We used data from randomized, blinded, placebo-controlled trials to evaluate the effect of cardioselective β₁-blockers on respiratory function in patients with reactive airway disease (defined as asthma or COPD with a reversible obstructive component). We also sought to evaluate the respiratory response to β₂-agonists administered after β₁-blockers or after placebo in the same participants. This analysis has already been published as a review in the Cochrane Library (24).

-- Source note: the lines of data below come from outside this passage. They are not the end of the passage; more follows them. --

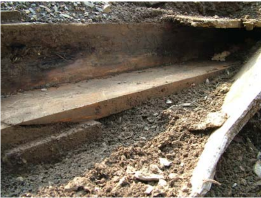
027) Dressing Floor – wooden launder
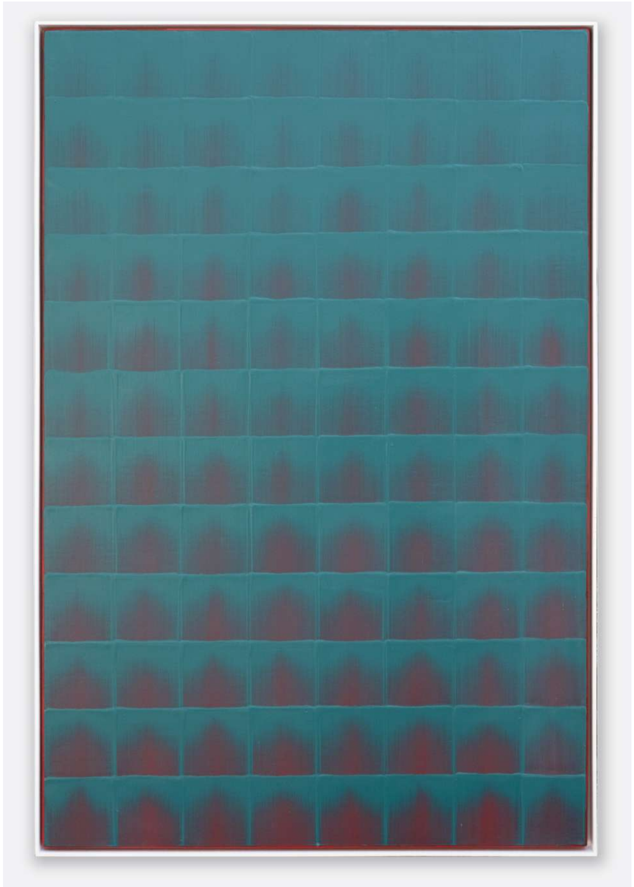
Peng Yong, 3000 realms in a single moment of life n°5-2022 , 2022, acrylic on canvas, 122 x 82 cm
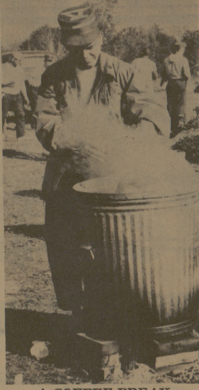
A COFFEE BREAK ... Ag dips in for hot coffee at cutting area.
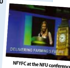
NFYFC at the NFU conference

More information about your YFC industry representatives is available online at www.nfyfc.org.uk/yfcindustryreps .
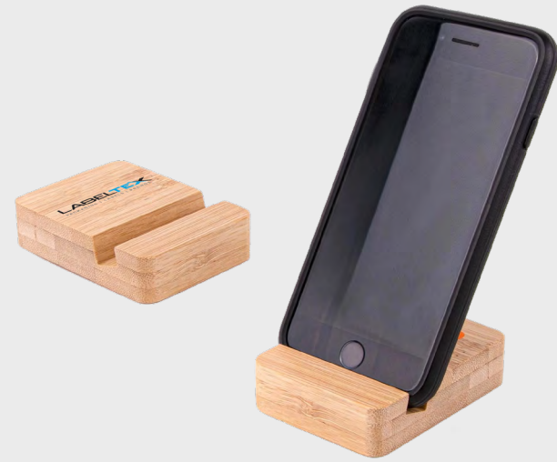
00049 Eco-Friendly Phone Holder Colors: Bamboo
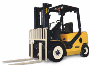
GP20-35UX 2,000 – 3,500kg
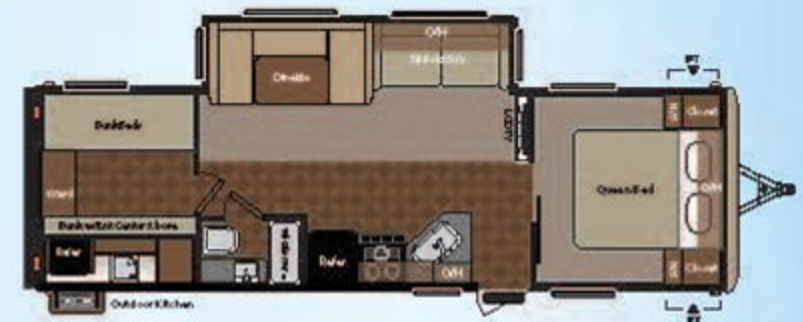
WEIGHT: 7052 LENGTH: 33' 5" ● 294BH
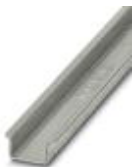
DIN rail, material: Steel, unperforated, 2.3 mm thick, height 15 mm, width 35 mm, length: 2 m

DIN rail, unperforated - NS 35/15-2,3 UNPERF 2000MM - 1201798
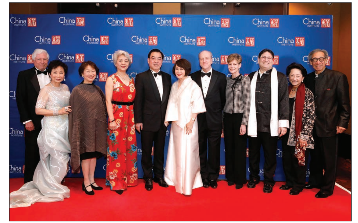
China Insitute's Blue Cloud Gala 2019

One piece of advice I would give is to not be afraid to fail. If you are willing to try and work hard, you will be surprised by what you can achieve. But if you fail, many lessons can be learned. It's win-win. So don't be afraid. •
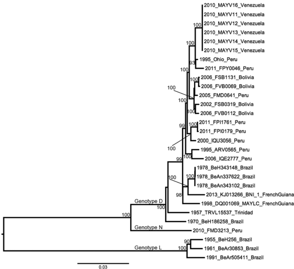
Figure 2. Midpoint-rooted maximum-likelihood phylogeny of 29 Mayaro virus strains on the basis of complete genome sequences, Venezuela, 2010. Nodes are labeled with bootstrap values \geq 90\% . Tip labels indicate year of isolation, strain name, and country of isolation. Scale bar indicates percentage nucleotide sequence divergence. Isolates DQ001069 and KJ013266 were previously sequenced and obtained from GenBank.

Nonsynonymous mutations that defined a specific group, clade, or lineage were identified manually. Uninformative mutations were not counted; only synapomorphies that were unique to a group or cluster were noted. There were 143 nonsynonymous synapomorphic mutations of interest, of which 114 were unique to genotype L. The 5 amino acid positions that were detected to be under positive selection and to delineate the genotype L strains were Leu→Ala/Val at position 518 in NSP1; Ala→Pro and Val→Thr at positions 298 and 386 in NSP3, respectively; Ala→Lys at position 249 in NSP4; and Leu→Thr at position 300 in the E1 protein.
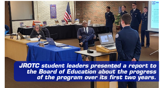
JROTC student leaders presented a report to the Board of Education about the progress of the program over its first two years.
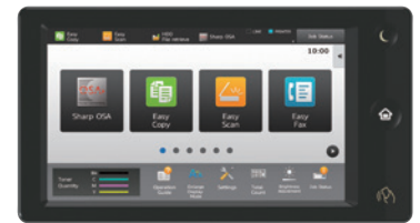
Award-winning 10.1" (diagonally measured) customizable touchscreen display.
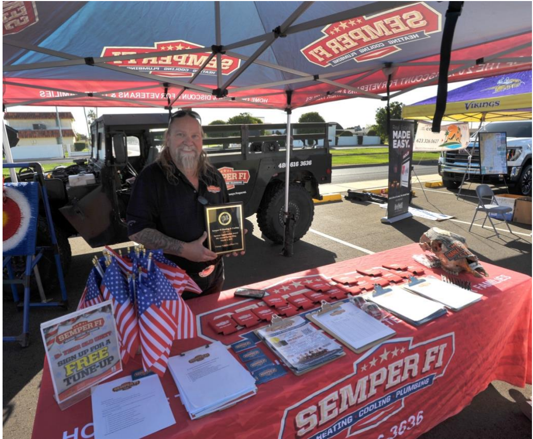
Semper Fi Heating and Cooling
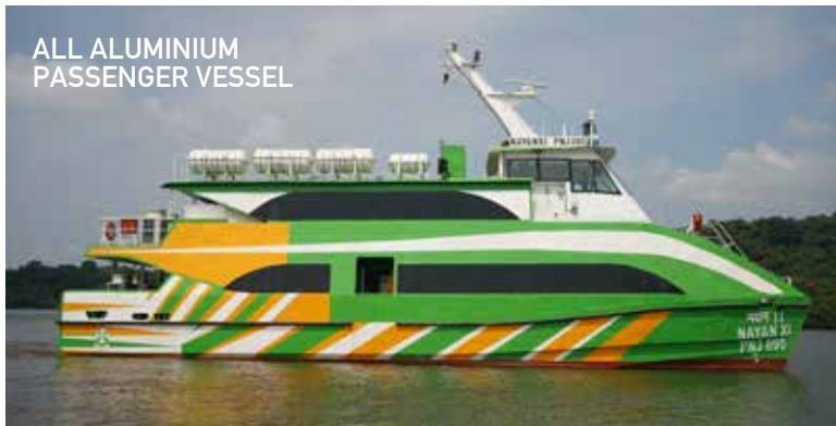
ALL ALUMINIUM PASSENGER VESSEL
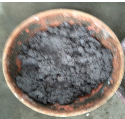
Fig. 2 After prepare paper pulp.
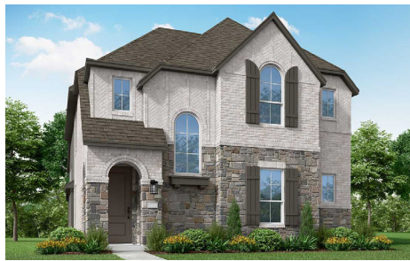
3913 Wild Tulip Drive Available November 2024 4 Bed | 3 Bath | 2 Story $650,000 | 2,273 Sq. Ft.
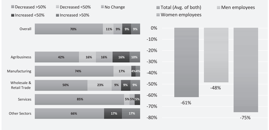
Figure 2. Consumer demand by sector of activity (% of respondents). Figure 3. Average % drop in employment. ■ Decreased >50% Decreased <50% ■ No Change ■ Total (Avg. of both) ■ Women employees ■Increased <50% ■ Increased >50% 0% Overall 70% 11% 9%

Source: Afghanistan Development Update, October 2022 (World Bank).<sup>67</sup>
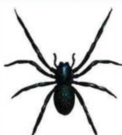
BLACKHOUSE SPIDER VENOMOUS • NAUSEA, SWEATING ETC OFTEN FOUND IN THEIR WEBS IN WINDOW FRAMES, EAVES ETC
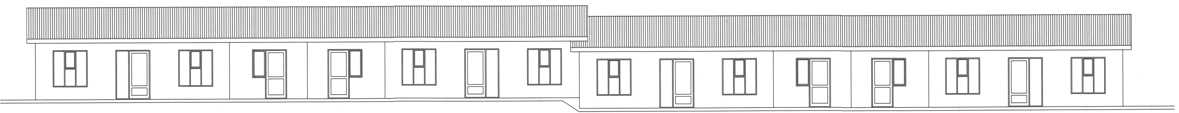
útlit norður mkv 1:100
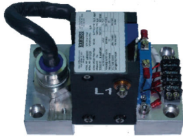
A800203 Ground Fault Detection Diode Assembly

For DC TRAILING CABLE POWERED SHUTTLE CARS (DC/AC (VFD) or DC/DC) 200VDC - 600VDC
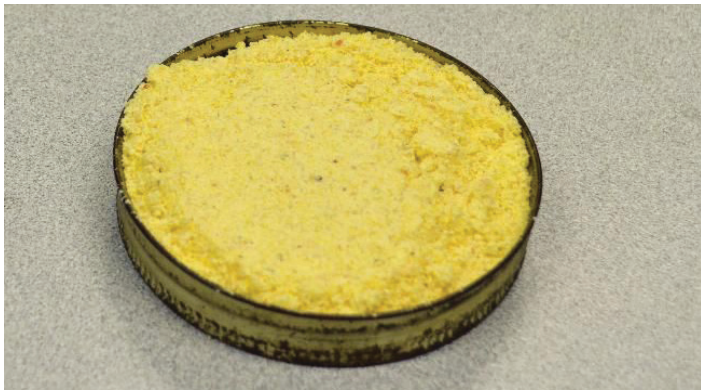
Figure 7. Shallow lid containing corn meal and boric acid for pantry pests.

Commercial “pantry pest” traps employ a sex-pheromone that lures the adult stages of the insect (normally the male) to a sticky card that can be hung near a suspected infestation. Most traps contain a lure attractive to multiple pantry-pest species. The traps must be placed strategically because too many of them in a confined area may confuse moths and make the traps less effective. Similar pheromone traps are available for clothes moths.

We chose to evaluate only patients with documented reactive airway disease because these patients are thought to be particularly susceptible to the adverse respiratory effects of β-blockers. Patients with COPD are generally at greater risk for ischemic heart disease than are patients with asthma and thus may benefit more from the use of β-blockers. This study evaluates a subgroup of patients with a documented chronic obstructive component of disease but was not designed to make recommendations about patients with COPD. A recent meta-analysis evaluated the use of cardioselective β-blockers in patients with COPD, given as a single dose or as continued treatment (25). Pooled data from 19 trials demonstrated no adverse effect on FEV₁ or respiratory symptoms for β₁-blockers compared to placebo, even in patients with severe chronic airway obstruction.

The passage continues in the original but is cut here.